When you see Dolph Lundgren’s name attached to a movie, you generally know what you’re going to get. Despite being a supremely intelligent man with a master’s degree in chemical engineering who once attended the famed MIT on a scholarship, the veteran action hero tends to star in very stupid films, with 2012’s Stash House being just one of many.
The premise is actually a halfway decent one, even if it doesn’t take long for things to descend into formula. Sean Faris and Briana Evigan star as a loved-up couple who purchase a home at a hefty discount due to a foreclosure. However, they swiftly find out that not only are the walls stuffed to the gills with drugs, but their new abode is the headquarters for a massive illicit operation, and there’s plenty of people who want to get their hands on the merchandise.
Fortunately, our intrepid protagonists also discover their dream house that instantly became a nightmare is also heavily fortified with bulletproof windows, reinforced walls, and other bells and whistles you’d associate with the epicenter of a large-scale drug-running enterprise.
Based on a Rotten Tomatoes user rating of 21 percent and an IMDb average of 4.7/10, you’re probably best to go into Stash House with fairly low expectations.

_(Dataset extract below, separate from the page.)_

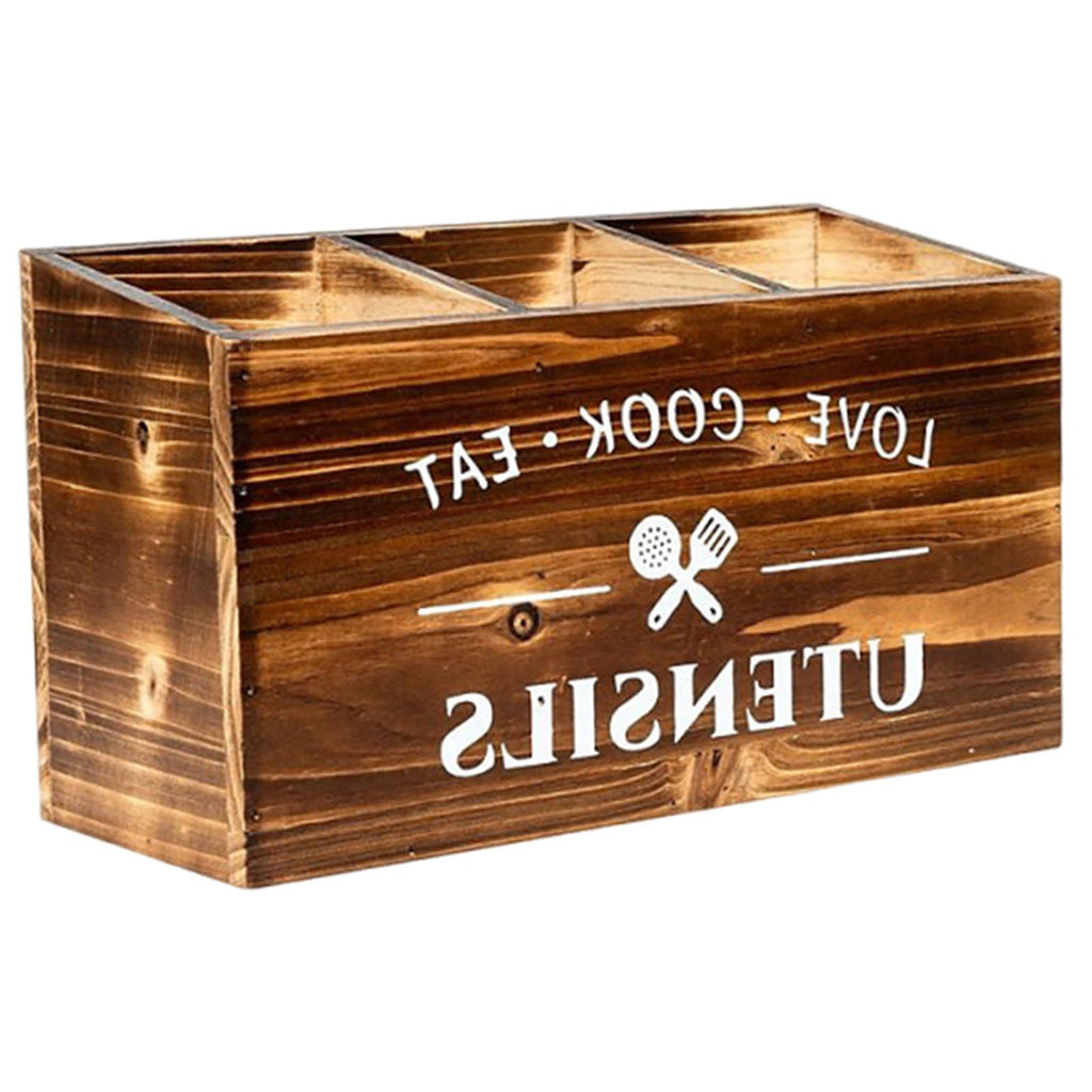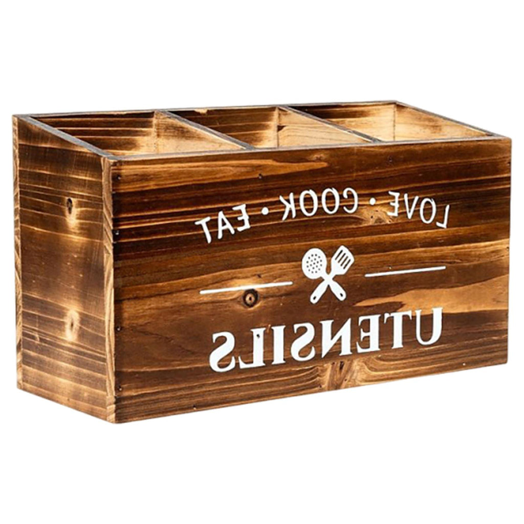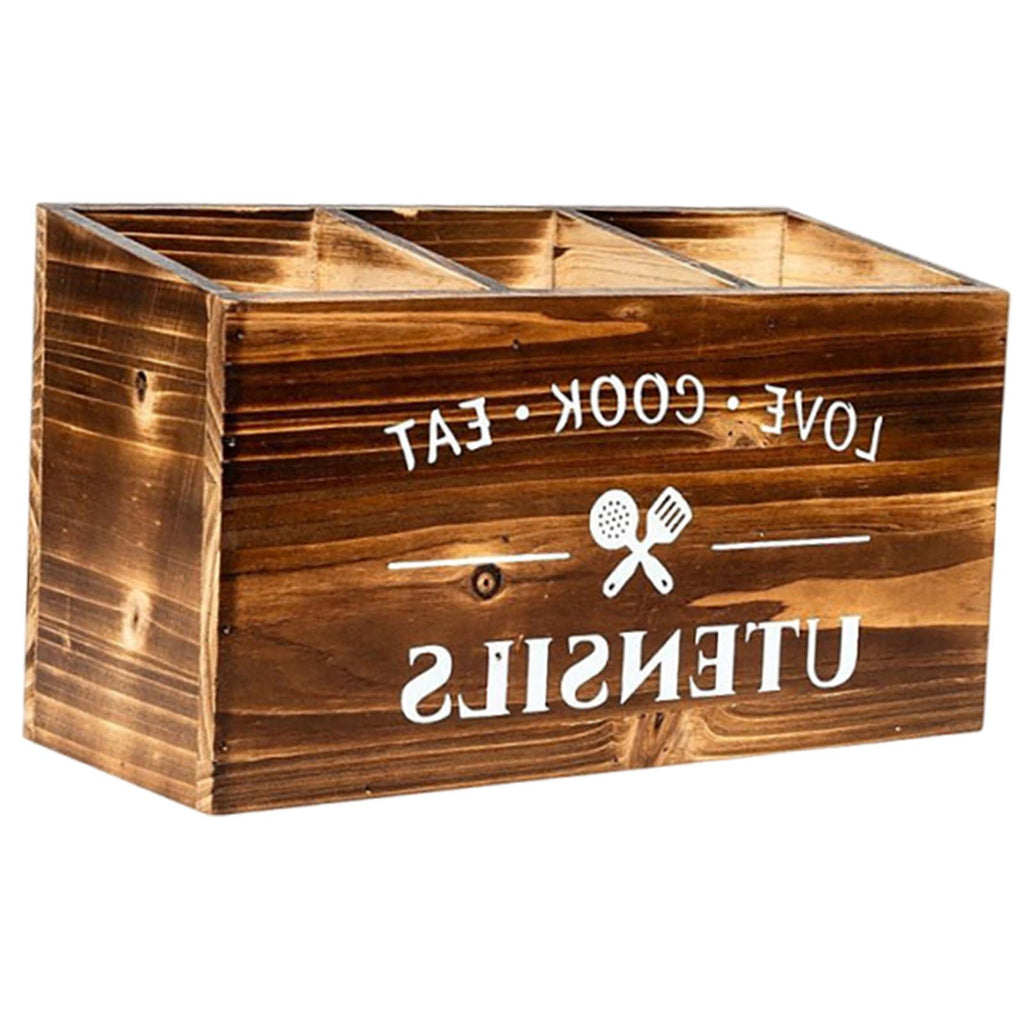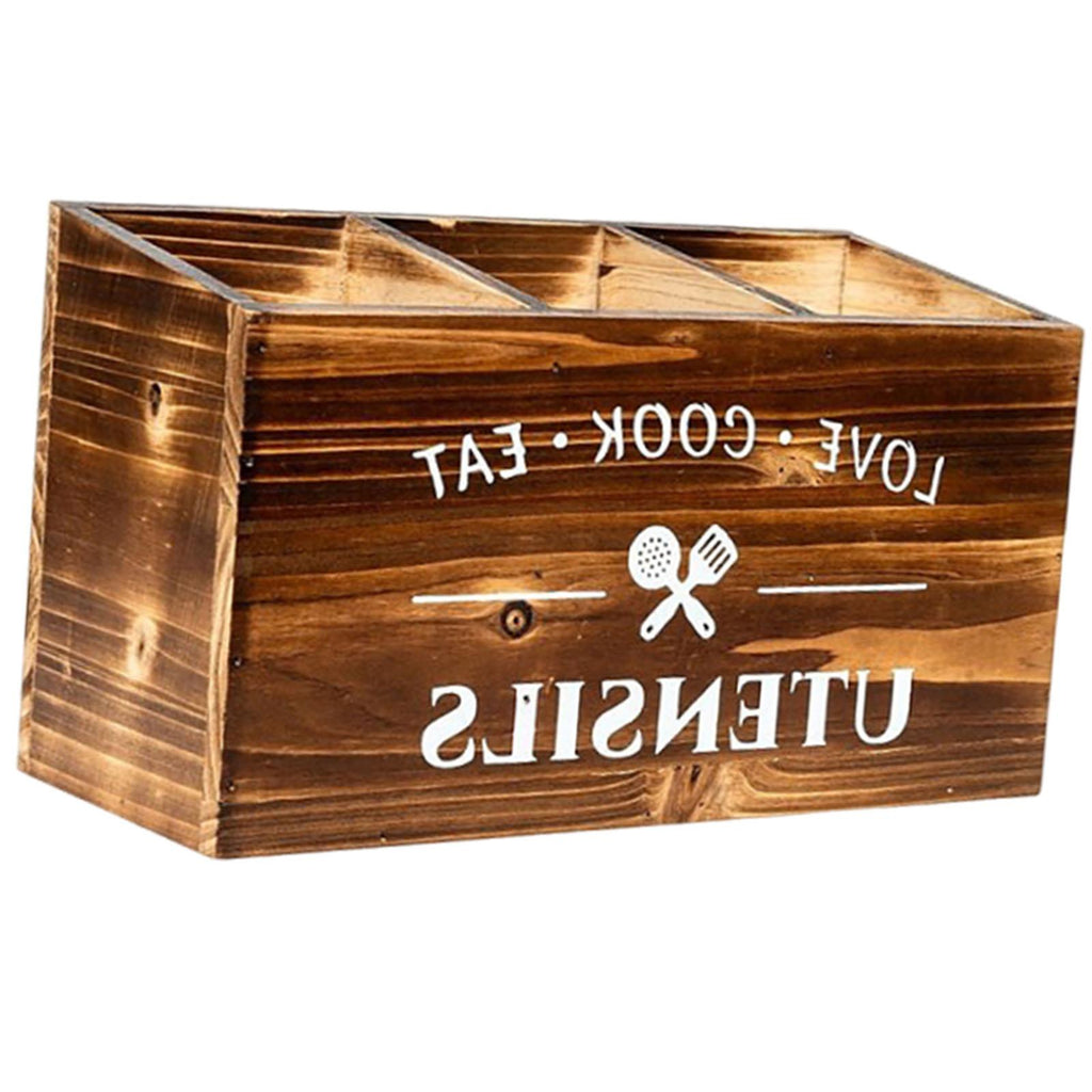 Kitchen Utensils Holder Wood Cutlery Silverware Holder for Cafe Home Cooking Brown

Prime Video subscribers have cast aside the critical doubts and audience apathy, though, leading to the B-tier actioner embarking on an unexpected jaunt up the platform’s worldwide watch-list.
Per FlixPatrol, Stash House has been getting its fix on the streaming service’s Top 10 in multiple countries, even if it may end up suffering from withdrawals once users abandon it in their numbers after discovering it isn’t very good.